The gradual gaining ground by the dominant conservative forces in Africa, the Arab world and Asia, alongside the collapse of radical national experiences, would at the same time encourage new currents attaching more significance to North-South relations than to South-South co-operation.
The overt crisis in the system from the 1970s accelerated the process of decomposition of the bourgeois national plan of Bandung. A global realignment of the West behind the United States was detectable and - on the excuse of debt and through the IMF and World Bank - this intervention proposed imposing on the Third World countries the now familiar 'readjustments'; the latter have no room for the demands of autocentric development at national, regional or collective level. Simultaneously the Soviet Union was subjected to the arms race imposed by the United States in the latter's strategy of counterattack to re-establish its hegemony and to impose an Atlantic pact realignment on Europe and Japan through the blackmail of East-West conflict. For this reason perhaps, the Soviet Union appears to have gone generally on the defensive. The penetration they achieved by providing defence for Angola and Mozambique threatened by South African destabilization, and by intervening in the conflicts of the Horn of Africa, from 1975, is rather limited and possibly provisional. In the Middle East, obviously, its presence has been largely marginalized by Egypt's about-turn since 1973.

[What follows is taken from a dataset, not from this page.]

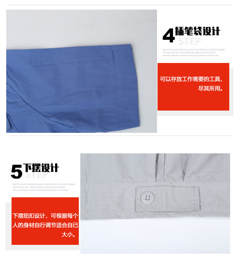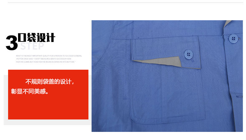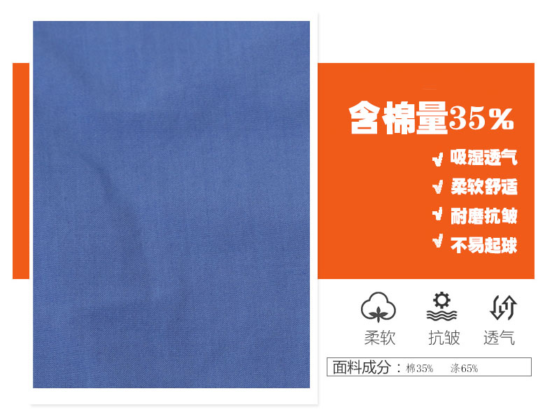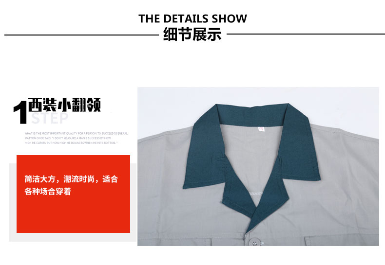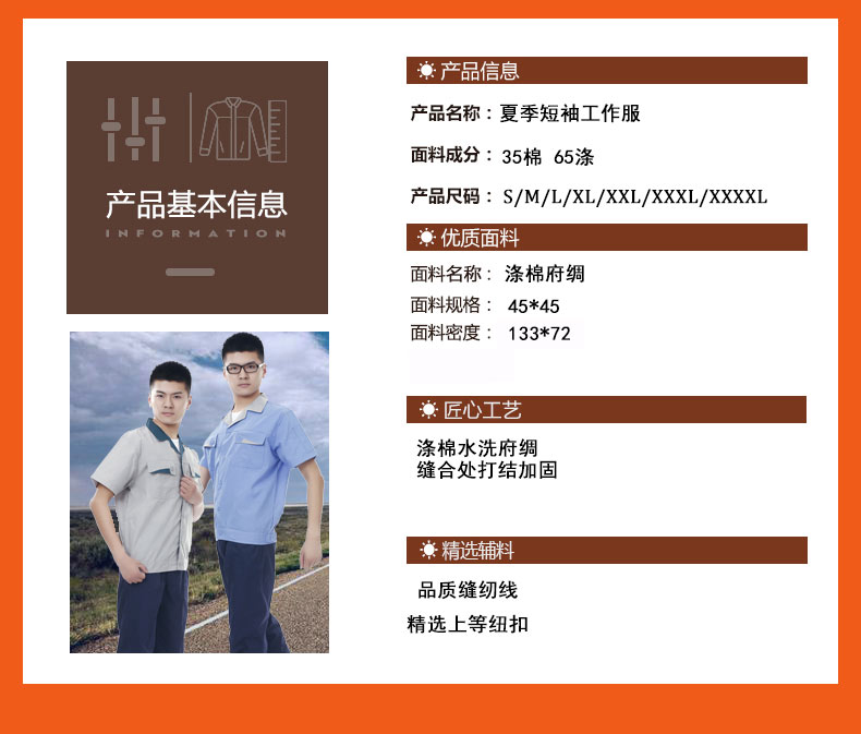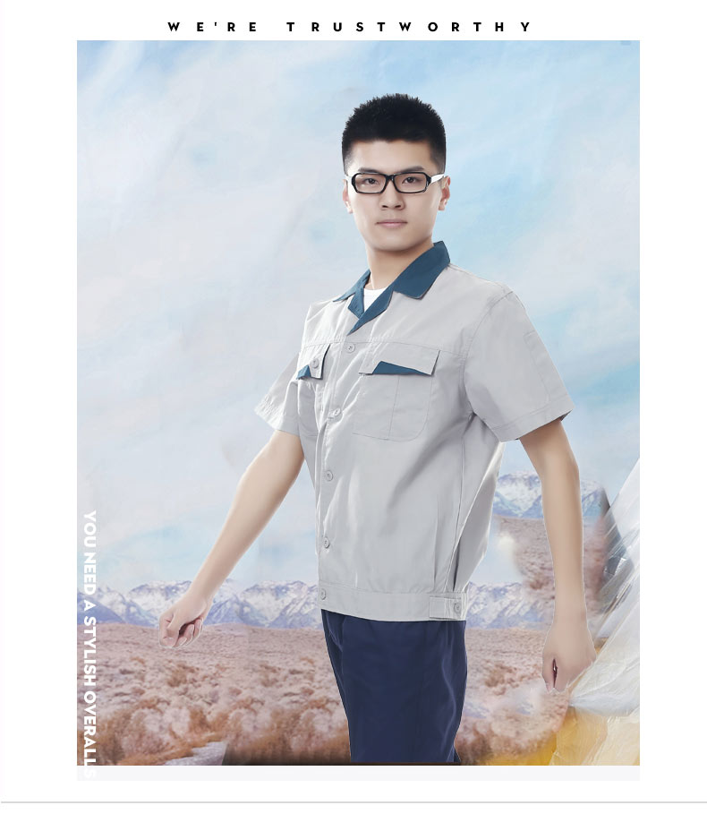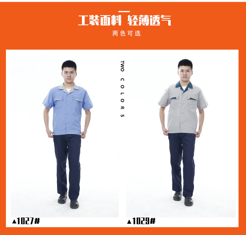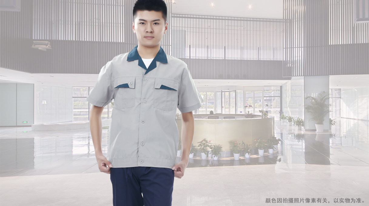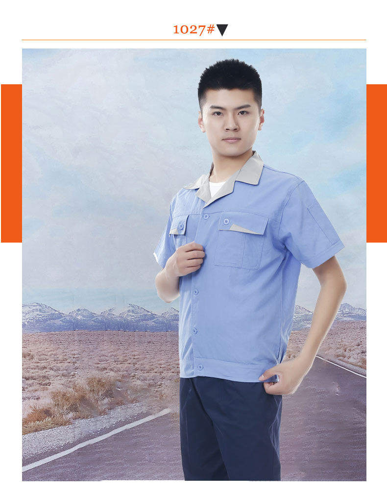 夏裝工作服 短袖工作服 GZFXZ-11,采用滌棉府綢面料,輕薄透氣。褲子是滌棉細斜紋,相對厚實些。
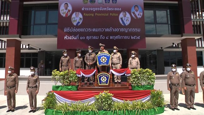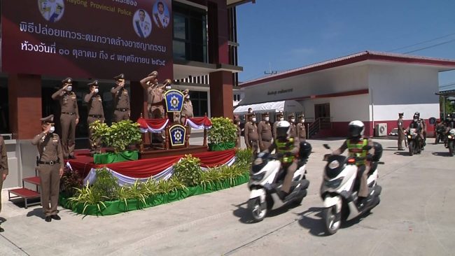 ผู้ว่าราชการจังหวัดระยอง ปล่อยแถวเจ้าหน้าที่ตำรวจ ฝ่ายปกครอง กวาดล้างอาชญากรรม เน้น พ.ร.บ.ยาเสพติด และ อาวุธปืน

In turn, the general retreat of the Bandung spirit encouraged the resurgence of various ideological and political currents and ambivalent and even dubious strategies. For example, it enabled Saudi Arabia to give the 'Pan-lslamic' current an airing it could not have achieved while Nasser was on guard, as he would not allow it to counter militant, unitary pan-Arabism. The current would give rise to such institutions as the Islamic Bank that would really take off a while later. It also permitted illusions as to a 'common front' of the Third World countries, regardless of their regimes and internal options, that would be able to force upon the West a revision of the terms of operation of the world economic system. This illusion was no doubt fuelled by the victory gained by OPEC in 1973. This was indeed a victory for the Third World: for the first time in history, the countries of the periphery were able to intervene effectively - and collectively - in setting the price of a significant raw material. It was of no great consequence from this point of view that the regimes principally benefiting by this victory were conservative. It was of no great consequence too, that OPEC reached this conclusion by able exploitation of a conjuncture of internal conflict in the Western world (the United States discovering that readjustment of the oil price could serve their interests in competition with Europe and Japan).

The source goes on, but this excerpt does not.